Вечером я вернулась домой, вошла на кухню, зажгла свет — и не увидела на столешнице ничего, кроме дерева.

Контура не было.

Я подошла. Я наклонилась так низко, что почти легла щекой на стол, и смотрела вдоль поверхности, на просвет, ловя блик. На дубе остаётся всё. Карандаш садится в поры, и его можно стереть, но нельзя убрать бесследно: остаётся тень, остаётся вмятина от нажима, остаётся полоса, где лак затёрт сильнее.

Ничего.

Столешница была гладкой и однородной, и на ней не было ни тени, ни вмятины, ни затёртой полосы. Она была не вытерта. Она была чистой — так, будто я никогда не касалась её карандашом.

Конверт лежал посередине.

Я открыла ящик. Синий карандаш лежал слева, рядом с ручкой отца, как всегда. Я взяла его — он был холодный. Я посмотрела на грифель: косой срез, ровный скол.

Он не сточился ни на волос.

* * *

Я села на пол, прислонившись спиной к стене, и просидела так, пока за окном не сделалось совсем темно.

Потом я встала и пошла проверить дверь.

Я взялась за щеколду — и остановилась.

Щеколда была стёрта.

Не поцарапана — стёрта. На чёрной краске, в том месте, где ложится подушечка большого пальца, проступил металл. Светлое пятно с размытым краем, вытертое до основы, чуть вытянутое книзу, как вытирается всё, к чему прикасаются одним и тем же движением.

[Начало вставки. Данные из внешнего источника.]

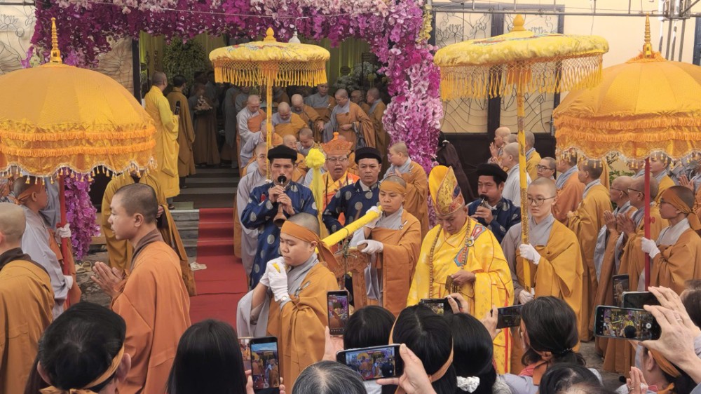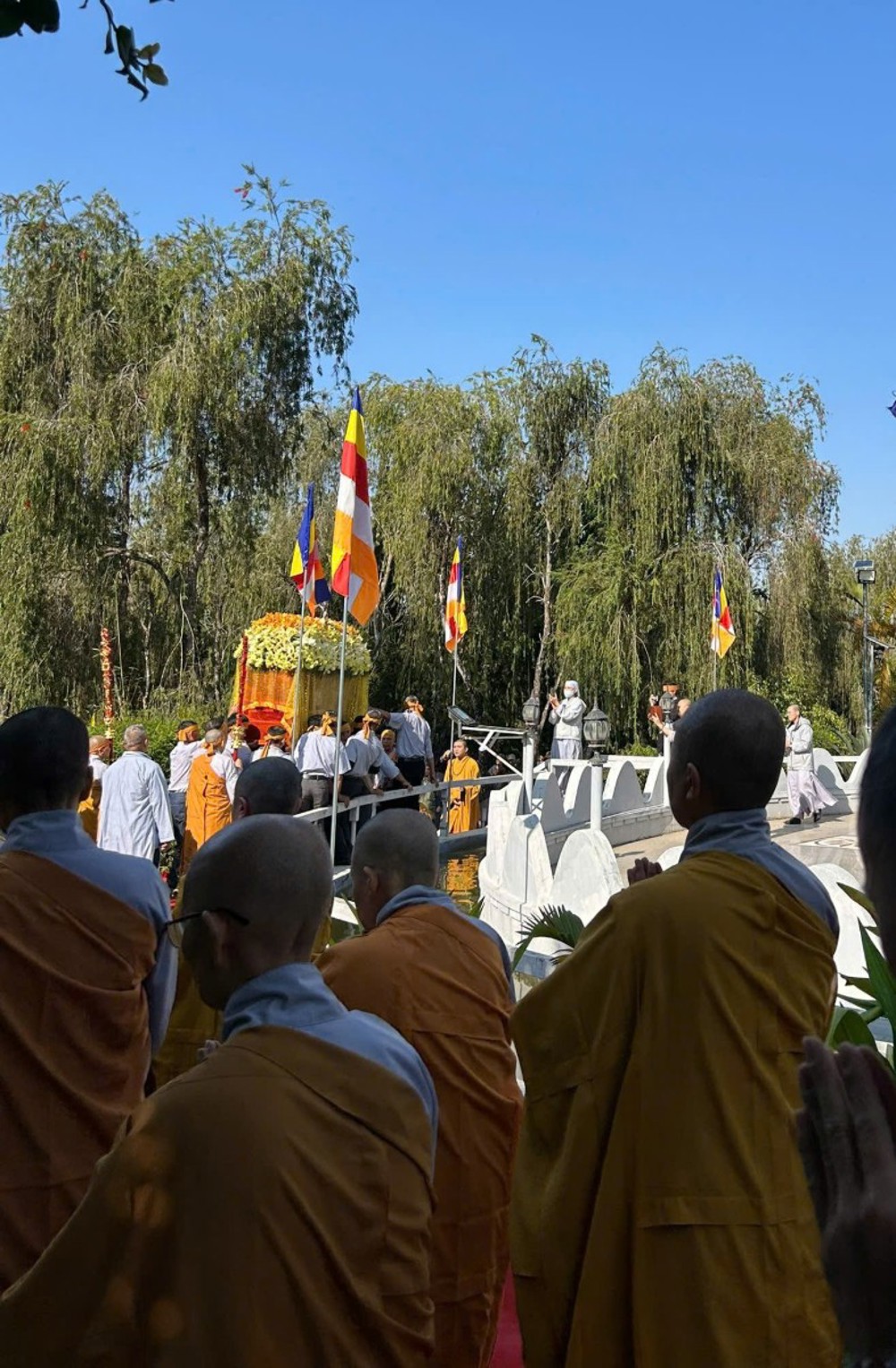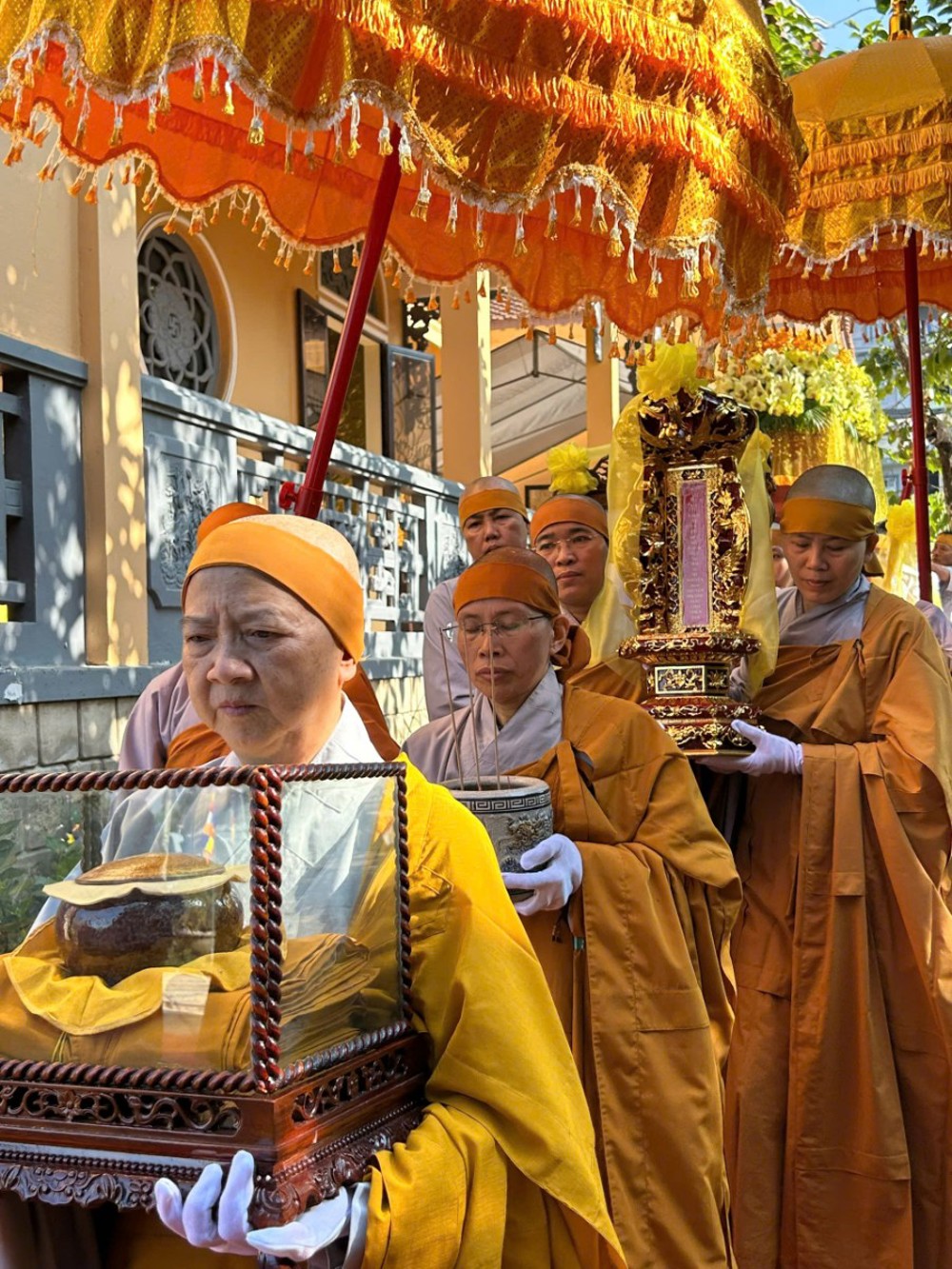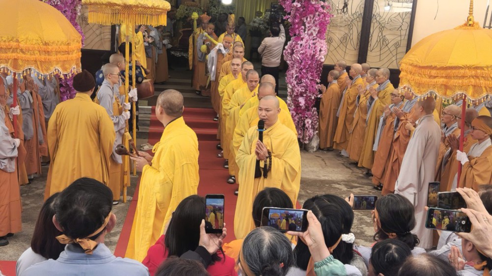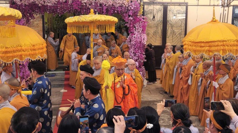 Trong tiếng trống Bát-nhã trầm hùng hòa cùng tiếng niệm Phật của đại chúng, môn đồ pháp quyến thành kính cung thỉnh kim quan cố Ni trưởng thượng giá, từ từ hướng về Đài hỏa táng Du Sinh để cử hành lễ trà tỳ.

Я знаю, как читаются такие следы. Я описывала их сотнями: по ним определяют, сколько лет ручкой пользовались, кто в доме был левшой, каким ключом отпирали чаще. Краска такой толщины не сходит от десяти касаний. И от ста не сходит.

Я стояла и считала — по-настоящему, как считаю в описи, с поправкой на нажим и на то, что палец у меня сухой.

Выходило, что за эту щеколду брались каждый вечер. Несколько недель подряд. Может быть, по нескольку раз за вечер.

Я держала палец на голом металле, и он ложился точно в пятно, потому что пятно было моё.

Я не помнила ни одной проверки.

* * *

Я вернулась на кухню, взяла карандаш и снова обвела конверт по краю.

Линия легла ровно. Углы в стык.

Я не знала, зачем делаю это, если утром её не будет. Я знала только, что сделаю это снова — завтра, и послезавтра, и через день, — потому что человек, у которого забирают память, держится не за память. Он держится за порядок действий.

Обвести. Проверить замок. Сосчитать до четырёх.

Раз. Два. Три.

Я села за стол и стала ждать утра, и мне впервые пришло в голову, что я не помню, сколько раз уже сидела так, за этим столом, над этим синим прямоугольником, в эту самую ночь.

И что, если бы кто-то входил сюда каждую ночь, я не смогла бы этого доказать.

Как не смогла бы доказать и обратного.

Глава 2. Похороны Ноэля

Хоронили восемь человек, и за час я услышала восемь имён.

Я считаю всё, и на кладбище считать оказалось нечего, кроме этого. Гроб был один. Венков не было. Людей — восемь, включая меня, и стояли они не группой, а порознь, как стоят те, кто пришёл по отдельным причинам и не знает друг друга в лицо.

Первым сказал мужчина в коротком пальто, с непокрытой головой.

— Ноэль, — сказал он. — Он мне поменял пружину, когда все отказались.

— Том, — сказала женщина рядом. — Он у нас в доме заводил бабушкины часы. Каждый вторник, одиннадцать лет. Бабушки нет шесть, а он всё ходил и заводил.

Мужчина посмотрел на неё и не стал спорить. Так не спорят на кладбище.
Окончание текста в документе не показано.